Quel succès ? L’éditorial de Brian Myles.
Le Grand Prix de Formule E relève-t-il de l’échec cuisant ou du succès «hors de toute attente» décrit par le maire Denis Coderre? La vérité est entre les deux. Il faut mettre des lunettes roses pour voir cette course comme un succès sur toute la ligne. Les citoyens et les commerçants de Ville-Marie, enclavés contre leur gré dans les derniers jours, y verront surtout un manque d’écoute du maire. Son intransigeance le suivra dans une autre course, électorale celle-là, dès l’automne.
Le succès ne peut se mesurer au seul enthousiasme des promoteurs. Il faudrait une base factuelle pour apprécier la valeur de cet événement qui a coûté 24 millions de dollars à la Ville de Montréal.

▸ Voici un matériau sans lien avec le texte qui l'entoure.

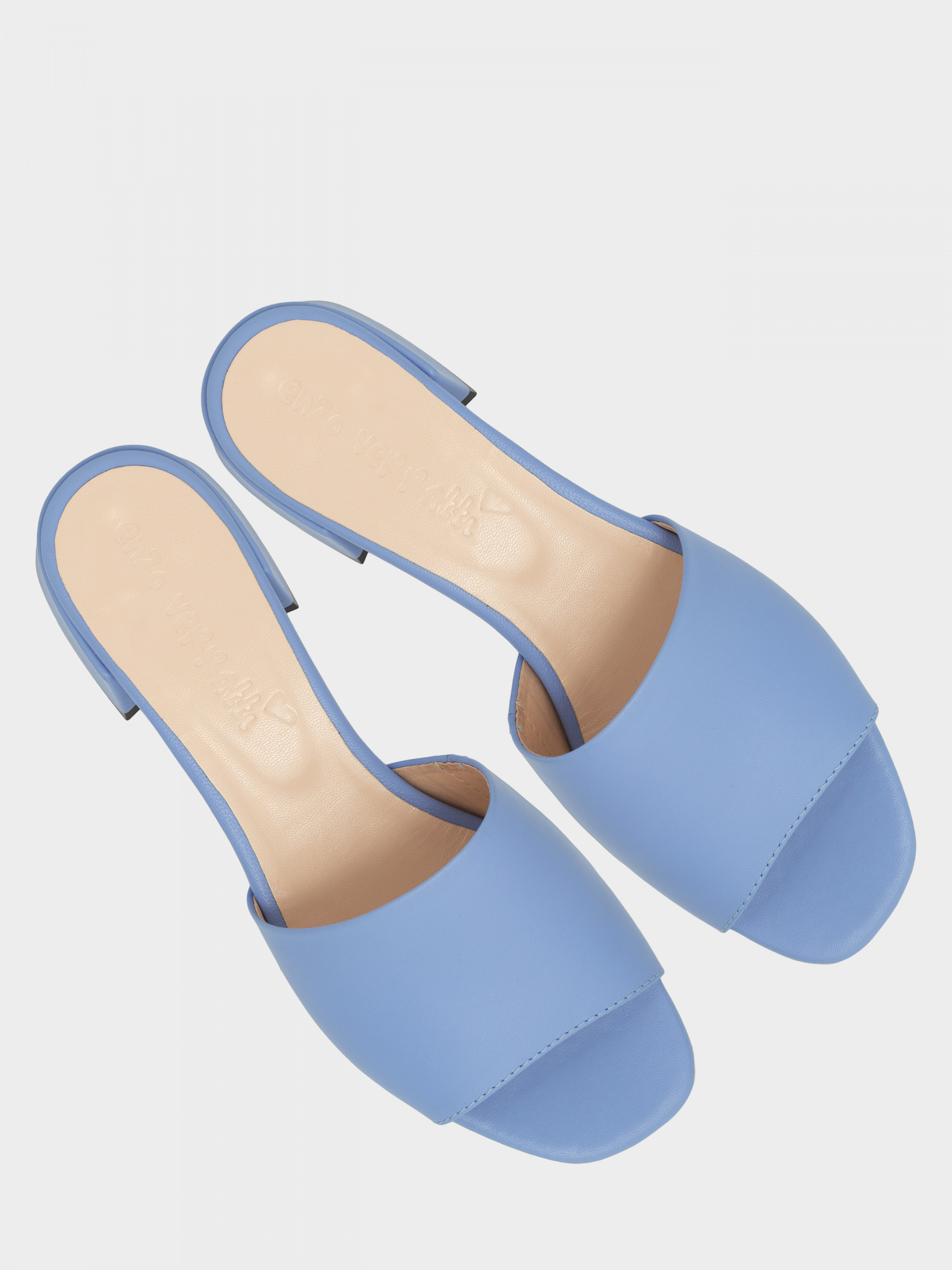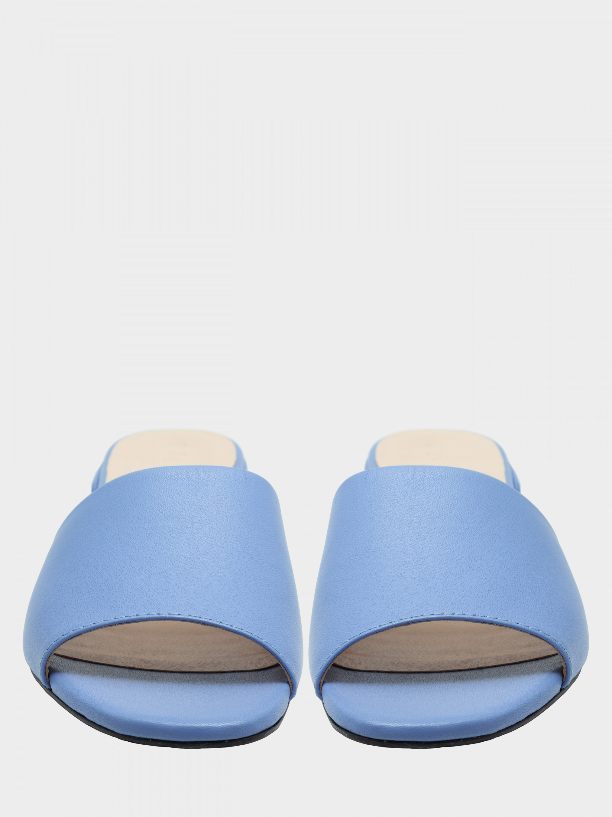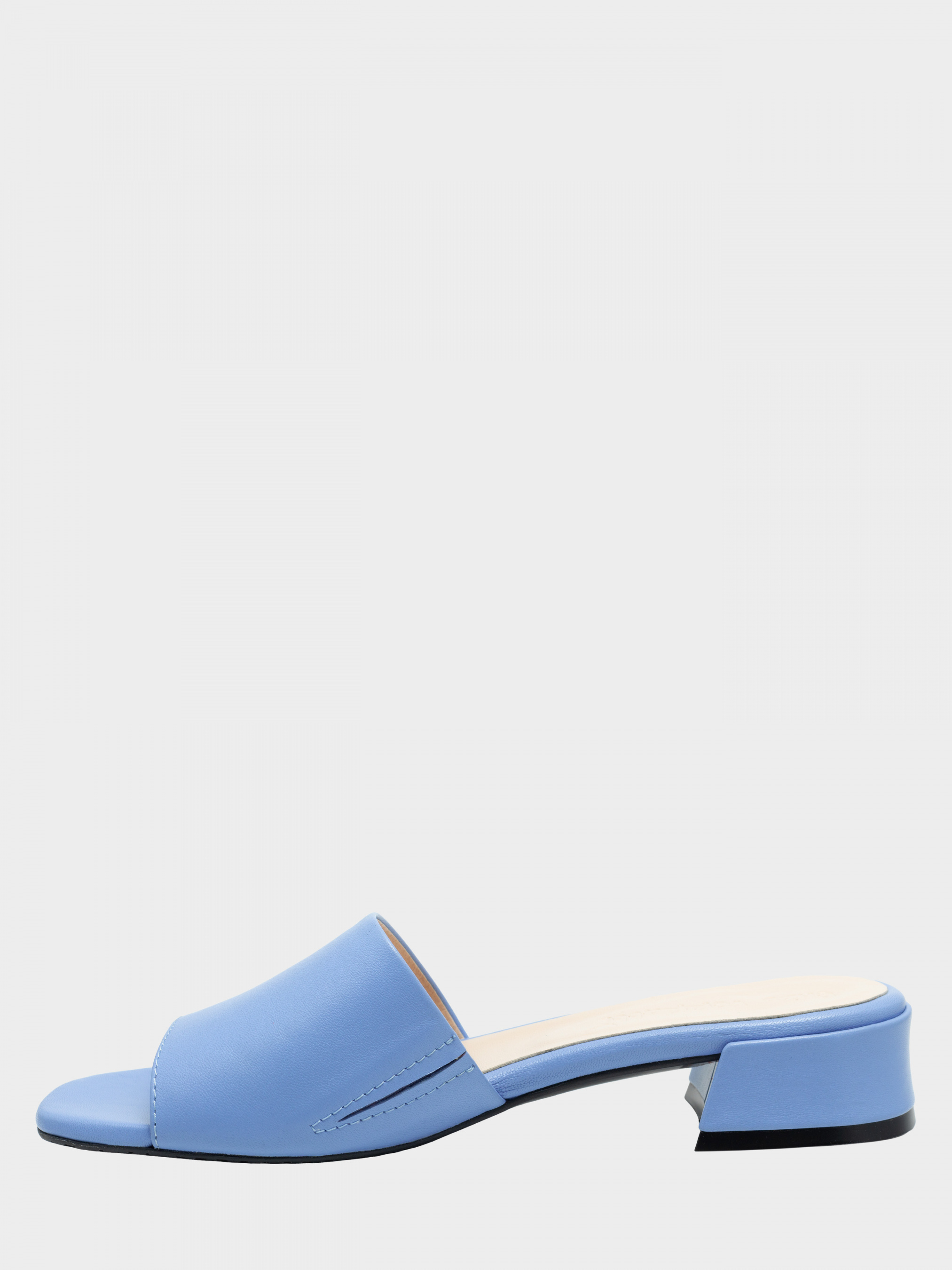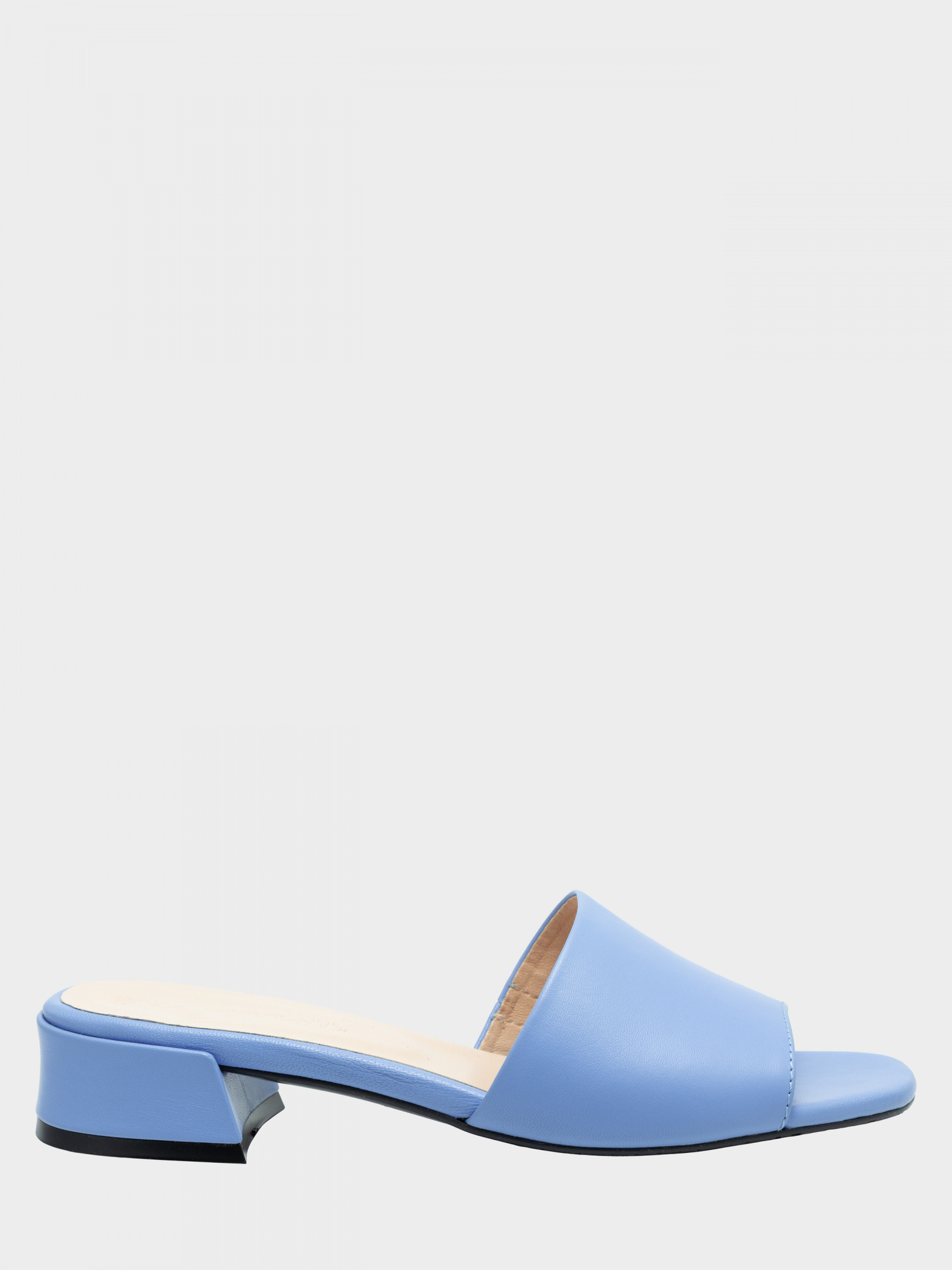 Шльопанці з натуральної м'якої шкіри блакитного кольору. Є гумова вставка з внутрішньої сторони для повноти підйому. Устілка- з силіконом. Висота каблука 3 см. 35 р - 22,5 см, 36 р - 23,3 см, 37 р - 24 см, 38 р - 24,6 см, 38 р 24,6 см, 39 р 25,2 см, 40 р - 26 см.

Le vice-président et directeur général d’Evenko, Jacques Aubé, a fourni un bilan incomplet : 45 000 personnes ont visité le site durant le week-end. Ils ont bu 70 000 bières, la belle affaire! Mais il a refusé de dire combien de personnes avaient bel et bien payé leur billet. Impossible de savoir également si l’organisateur de l’événement, l’OBNL Montréal c’est électrique, a utilisé la marge de crédit de 10 millions cautionnée par la Ville.
Cette absence de transparence incite à la plus grande prudence. La Ville en a-t-elle pour son argent ? C’est discutable.
Il y a peut-être une place pour la Formule E à Montréal, à la condition expresse que M. Coderre et les promoteurs tirent quelques leçons de la première édition. Le maire accepterait-il que le circuit soit aménagé au pied de sa résidence et de subir les irritants associés au montage et au démontage du circuit? Poser la question, c’est y répondre. Il est vrai que l’expectative de quiétude est moins grande lorsqu’on choisit d’habiter le centre-ville d’une métropole. L’appel au sacrifice que le maire a adressé aux Montréalais est insufflant. L’empathie, la planification de l’événement et la mitigation des irritants pour les citoyens sont les clés de l’adhésion des Montréalais.
Enfin, il faudra en revenir avec ces liens de causalité improbables qui confèrent à la tenue d’une course de voitures électriques en milieu urbain un effet d’entraînement sur l’électrification des transports. Le virage vert en matière de transports exige des investissements massifs et une planification à l’échelle de l’agglomération, au sein de laquelle le parc automobile augmente plus vite que la population. Même dans un monde utopique au tout électrique, ces problèmes de congestion et de mobilité resteraient entiers.
La densification de la trame urbaine et l’amélioration des transports en commun et actifs constituent des enjeux nettement plus importants que l’électrification sans but, dans le mirage festif.